◆ Input data
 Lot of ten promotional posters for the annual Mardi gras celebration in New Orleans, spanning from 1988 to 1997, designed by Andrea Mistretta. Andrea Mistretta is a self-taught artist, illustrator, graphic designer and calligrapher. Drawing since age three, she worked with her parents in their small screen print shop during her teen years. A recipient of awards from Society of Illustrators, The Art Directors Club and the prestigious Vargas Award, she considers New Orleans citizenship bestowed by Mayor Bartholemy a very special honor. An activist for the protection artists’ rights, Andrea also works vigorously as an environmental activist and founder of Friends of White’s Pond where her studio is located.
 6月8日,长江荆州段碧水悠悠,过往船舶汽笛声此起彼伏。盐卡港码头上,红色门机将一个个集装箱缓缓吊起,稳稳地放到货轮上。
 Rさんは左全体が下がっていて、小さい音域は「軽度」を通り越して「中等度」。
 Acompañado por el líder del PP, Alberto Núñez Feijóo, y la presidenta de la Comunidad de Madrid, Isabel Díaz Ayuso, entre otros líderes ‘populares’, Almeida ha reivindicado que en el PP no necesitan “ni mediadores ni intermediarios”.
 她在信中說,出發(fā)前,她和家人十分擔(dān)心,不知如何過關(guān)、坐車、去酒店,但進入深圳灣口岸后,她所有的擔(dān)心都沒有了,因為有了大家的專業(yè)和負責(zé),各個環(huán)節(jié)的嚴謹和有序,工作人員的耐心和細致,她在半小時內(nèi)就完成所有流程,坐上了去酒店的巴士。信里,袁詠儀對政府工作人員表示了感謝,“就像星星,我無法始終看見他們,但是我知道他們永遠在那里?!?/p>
---
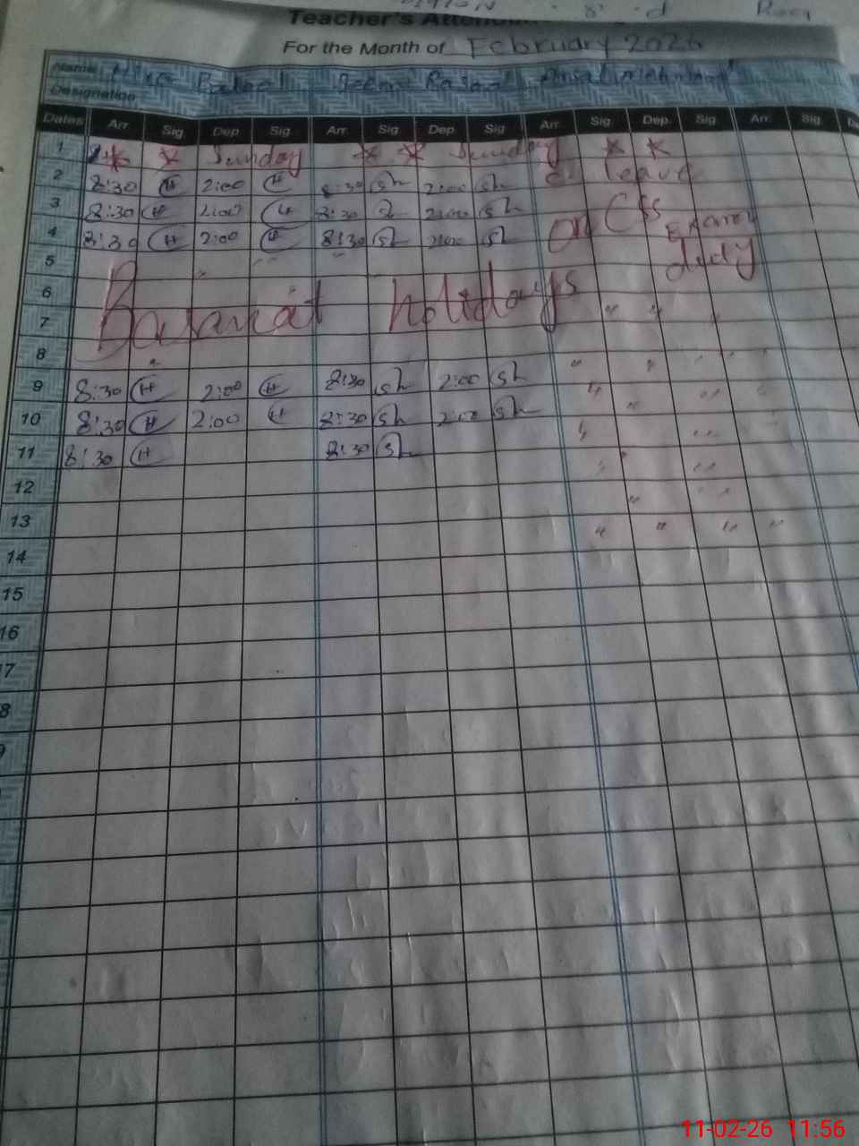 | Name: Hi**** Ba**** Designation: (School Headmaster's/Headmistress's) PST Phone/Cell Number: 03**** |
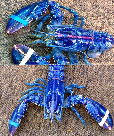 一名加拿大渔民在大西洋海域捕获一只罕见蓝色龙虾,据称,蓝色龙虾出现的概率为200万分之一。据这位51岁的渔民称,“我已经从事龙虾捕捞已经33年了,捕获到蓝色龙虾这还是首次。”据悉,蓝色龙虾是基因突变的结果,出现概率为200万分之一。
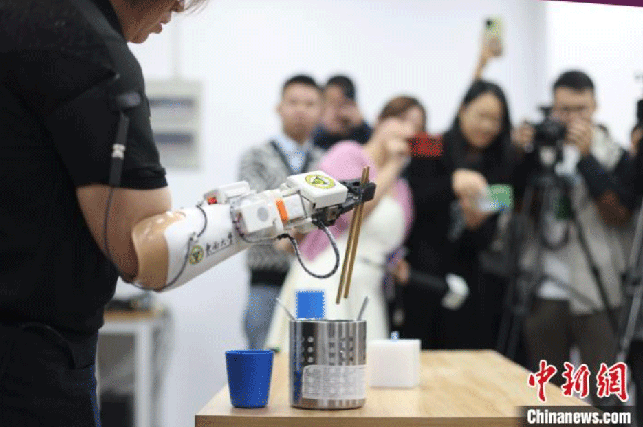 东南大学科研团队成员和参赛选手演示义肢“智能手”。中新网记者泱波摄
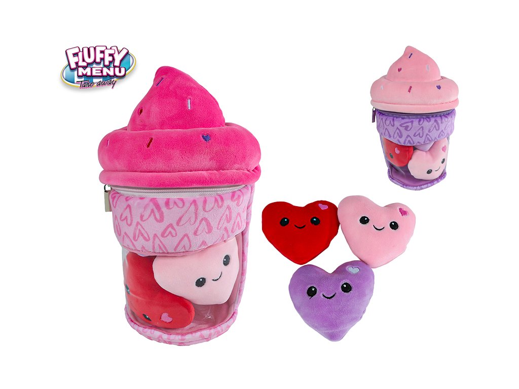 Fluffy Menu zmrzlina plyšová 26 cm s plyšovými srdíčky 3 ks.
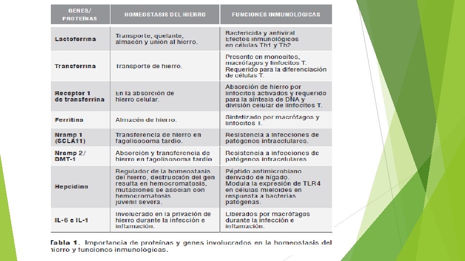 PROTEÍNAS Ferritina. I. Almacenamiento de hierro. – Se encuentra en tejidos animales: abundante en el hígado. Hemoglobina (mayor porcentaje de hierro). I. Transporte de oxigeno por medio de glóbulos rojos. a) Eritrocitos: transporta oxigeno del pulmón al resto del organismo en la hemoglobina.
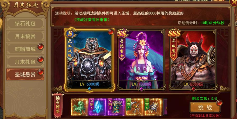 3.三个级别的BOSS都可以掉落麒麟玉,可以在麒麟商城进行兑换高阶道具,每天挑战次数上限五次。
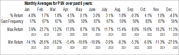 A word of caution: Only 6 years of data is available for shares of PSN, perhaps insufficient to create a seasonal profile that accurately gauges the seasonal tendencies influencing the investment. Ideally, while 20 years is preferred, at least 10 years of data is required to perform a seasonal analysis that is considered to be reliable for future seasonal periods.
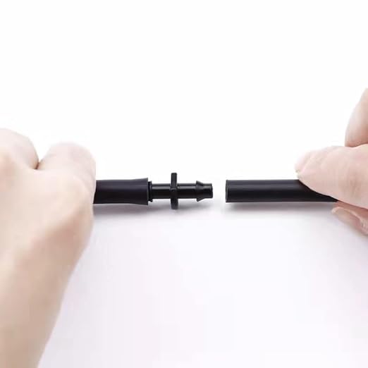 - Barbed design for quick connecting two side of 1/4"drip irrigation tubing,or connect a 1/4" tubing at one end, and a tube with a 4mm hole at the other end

◆ Exercise
What belongs in the answer is each line above from the line with "3.三个级别的BOSS都可以" to the line with "- Barbed design", inclusive, reproduced exactly and free of pictures.

◆ Result of the exercise
 3.三个级别的BOSS都可以掉落麒麟玉,可以在麒麟商城进行兑换高阶道具,每天挑战次数上限五次。
 A word of caution: Only 6 years of data is available for shares of PSN, perhaps insufficient to create a seasonal profile that accurately gauges the seasonal tendencies influencing the investment. Ideally, while 20 years is preferred, at least 10 years of data is required to perform a seasonal analysis that is considered to be reliable for future seasonal periods.
 - Barbed design for quick connecting two side of 1/4"drip irrigation tubing,or connect a 1/4" tubing at one end, and a tube with a 4mm hole at the other end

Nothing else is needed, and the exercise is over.